Tag Archives: relationships

Blood on the tracks

I finally have the iPhone weblogging through WordPress thing working. That should have a link, but I don’t see that happening in my phone tests.

Last night, a big old Tuesday night, M. and I rarer than rare each had something to do. Something that didn’t involve the other one. Separate but equal.

While I had wine and cheese and salsa and chips and whatnot at a friend’s brand new shiney condo in which she was soliciting decorating ideas and sorting photos, M. was mad strategizing in corporate land. Planning and plotting through his increasingly elevated status in the workforce.
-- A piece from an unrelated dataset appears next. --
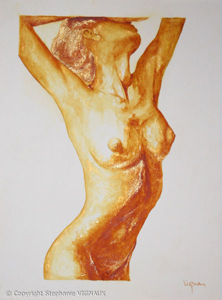 Art pratiquéPeinture, AquarelleSite de l'artistehttp://https://www.stephanie-vignaux.frPrésentation de l'artisteAvez-vous déjà écouté un artiste parler de lui ? Eh bien, je peux vous assurer que cela peut vite devenir assommant, avec le risque de vous retrouver comme la Belle au bois dormant, à roupiller pour 100 ans.Voilà pourquoi je ne vous conterai pas ma naissance à Tarbes, au sein d’une famille d’artistes ; penchés sur mon berceau, un grand-père – Marcel Bonnefous –, artiste peintre foncièrement doué et un oncle – Pierre Clavaret – sculpteur reconnu, se plaisant en chanteur d’opéra à ses heures perdues. Je ne vous narrerai pas, non plus, comment j’ai usé mes fonds de pot de peinture à l’Ecole des Arts de Tarbes et à l'ESACT pour apprendre la Sculpture et m‘exercer aux techniques de l’huile, de l’aquarelle et du croquis de nu d’après modèle vivant. Vous confesser que je peins, avant tout, des nus féminins et masculins serait, à l'évidence, vous empoisonner pour quelques pommes à croquer. Bien évidemment, je ne relaterai pas mes expositions de Paris au Touquet, en passant par l’Espagne et les nombreuses autres cimaises de Salons et baguettes de galeries. Et, croyez-moi, en réponse, il serait fichtrement ronflant et "carabossien" de vous dire que mes peintures ont été plusieurs fois récompensées lors de salons artistiques. Non, tout cela, vous ne le saurez jamais. Au bûcher les récits de quenouille, ici, que nenni. Car la seule et unique histoire qui compte et qui doit vous tenir éveillés est : « Il était une fois, une artiste qui ne cherchait pas à se révéler à travers sa peinture. Elle ne peignait pas pour exprimer ses émotions. Elle peignait pour faire naître les vôtres… » Ses oeuvres

Consequently, we didn’t talk much after I got home, since it was getting late into snoozing time. He did tell me about a highway calamity he had steered himself through, but in his half asleep state it wasn’t a dramatic tale.

Now, in a cheesy 1970s mystery TV show moment, a Time-Life book series on extrasensory perception, I had a thought while driving last night. In the late dark, with only a tiny double dot of light in the distance ahead of me and blackness in my rearview mirror, I considered the empty fields and canyons and hills and wild spaces adjacent to the road on which I was driving too fast. I imagined any number or type of wild thing leaping out fromu the shadows.
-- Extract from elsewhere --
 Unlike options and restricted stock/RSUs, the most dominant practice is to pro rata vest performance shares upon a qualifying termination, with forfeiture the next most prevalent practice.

This highway, 280, is smooth and fast and beautiful. It ranks highly as scenic. Driving it just feels like California looks like it should feel. Imagining a silhouette blocked in your headlights, stag horns and hooves isn’t a leap from reality.
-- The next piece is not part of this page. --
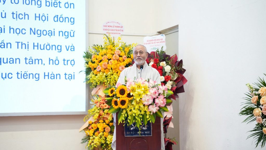 Cũng trong phần phát biểu chào mừng, Chủ tịch Quỹ Giáo dục Tiếng Hàn Quốc tế Lim Yeong Dam và Trưởng ban hỗ trợ Giáo dục nước ngoài, Bộ Giáo dục Hàn Quốc Kim Joo Young gửi lời cảm ơn sâu sắc tới Bộ Giáo dục và Đào tạo VIệt Nam, Trường Đại học Ngoại ngữ – ĐHQGHN cũng như các thầy cô giáo trên cả nước đã góp phần thúc đẩy, phát triển giáo dục tiếng Hàn tại Việt Nam. Hai vị khách tin tưởng tọa đàm có thể gợi mở, đề xuất ra nhiều hướng phát triển đào tạo tiếng Hàn hơn nữa cho các cơ sở giáo dục chính quy bậc Tiểu học và Trung học ở Việt Nam.

Today I got the story from M. He drove the same 280, although I had been south heading north and he north to south.

During his drive, he watched a small deer clash and lose against an SUV. It was sent skyward and landed in the path if his car. With cars on either side and no where to swerve, he had to drive through.

M. said he could feel it under his tires and hear the crack of bone. His front bumper is stained with streaks of sticky-looking red with bits of dirt, hair and grass.

Still and all, I’m happy, we’re happy he, M. made it safely with his car still fine.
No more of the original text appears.